Information shown:
▶

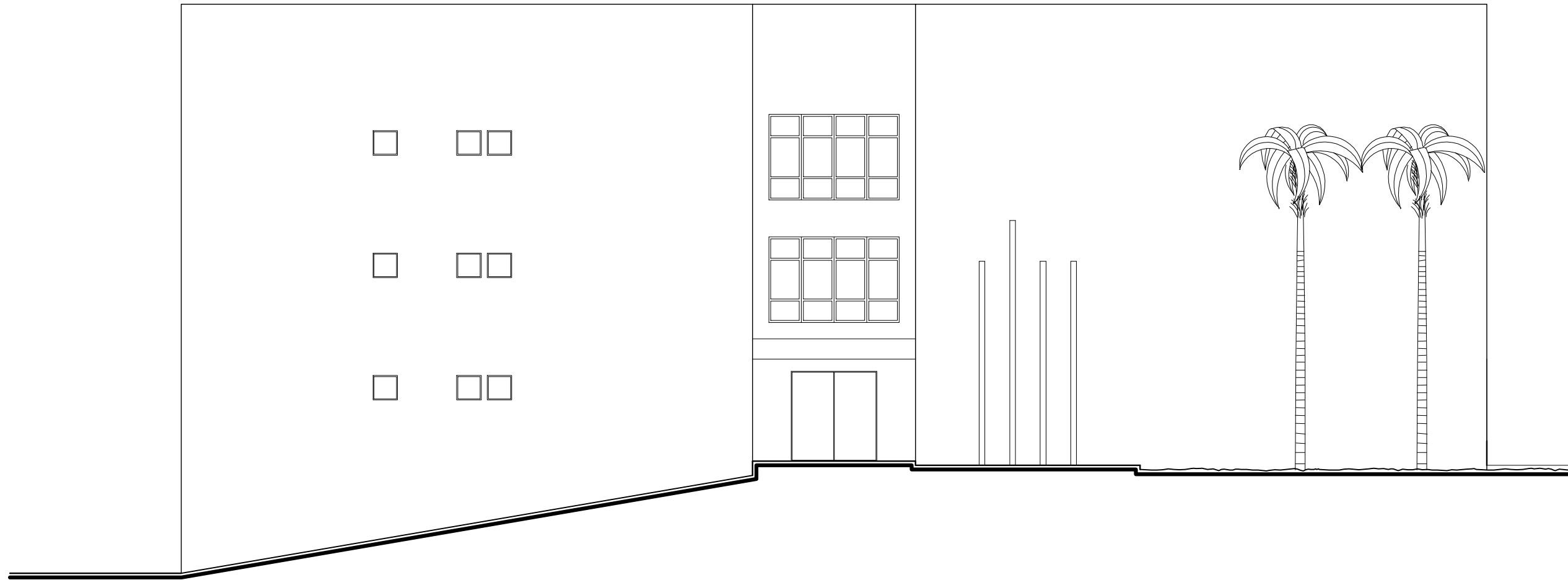
FACHADA RUA ANTÔNIO JOSÉ DOS SANTOS ESC. 1:100
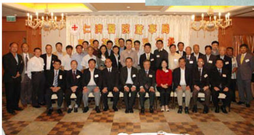
臺灣各界友好—臺灣鄉事委員會、臺灣商會及國玄學院
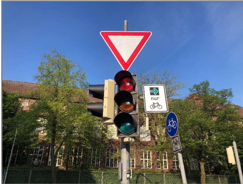
Abb.: Grünpfeil für den Radverkehr in der Wielandstraße/Lachswehrallee
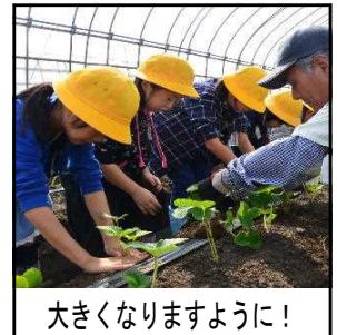
大きくなりますように！
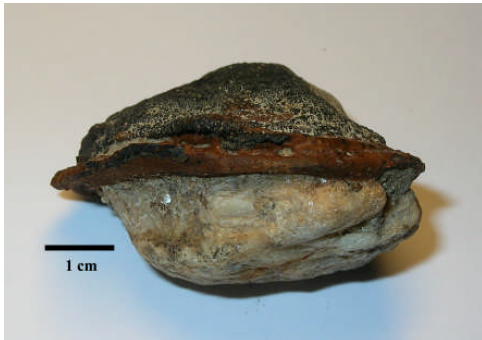
Fig 9. Fe- och Mn-rik gördel runt en sten, sett från sidan. (Provtagningsstation 1982-60)

Andra typer av flata konkretioner bildar ringformade gördlar runt stenar (Fig. 9 och 10), grus och sedimentfragment där ovensidan i regel har fått en svart manganrik beläggning (Fig 9).
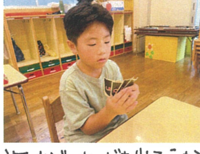
次はどのカードを出そうか♪小盗み中...
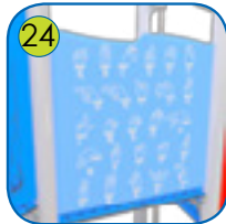
24 Aktivitetsplatene er lagt av fargerik 15 mm tykk HDPE plast. UV resistant.
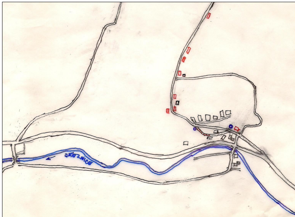
Schéma rozmístění studní a stodol

Druhá studna byla pod cestou v blízkosti žlebu u domu č. 46. Byla hluboká přes dvacet metrů, vyzděná kameny. Kolem bylo dřevěné bednění se stříškou. Pod ní byl rumpál na spouštění dřevěného okovu do studny. Okov byl zaháknut na řetězu, točením kliky na boku rumpálu se spouštěl dolů, nabral vodu a zase putoval nahoru. Voda se přelávala do dřevěných putének tak dlouho, až bylo dostatek vody pro dobytek a domácnost. Studna by jistě dnes vzbuzovala velkou pozornost kolemjdoucích. Během času však došlo k pohybu okolní půdy, kamenná vyzdívka se posouvala natolik, že bylo nebezpečné jen kolem studny projít. Tak se po částech zasypávala.
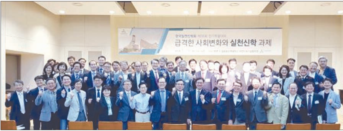
개회예배 후 기념촬영이 진행되고 있다.

◀

Your instructions: Report the number of lines in the material above holding the word "runt", without anything else.

Answer space: 2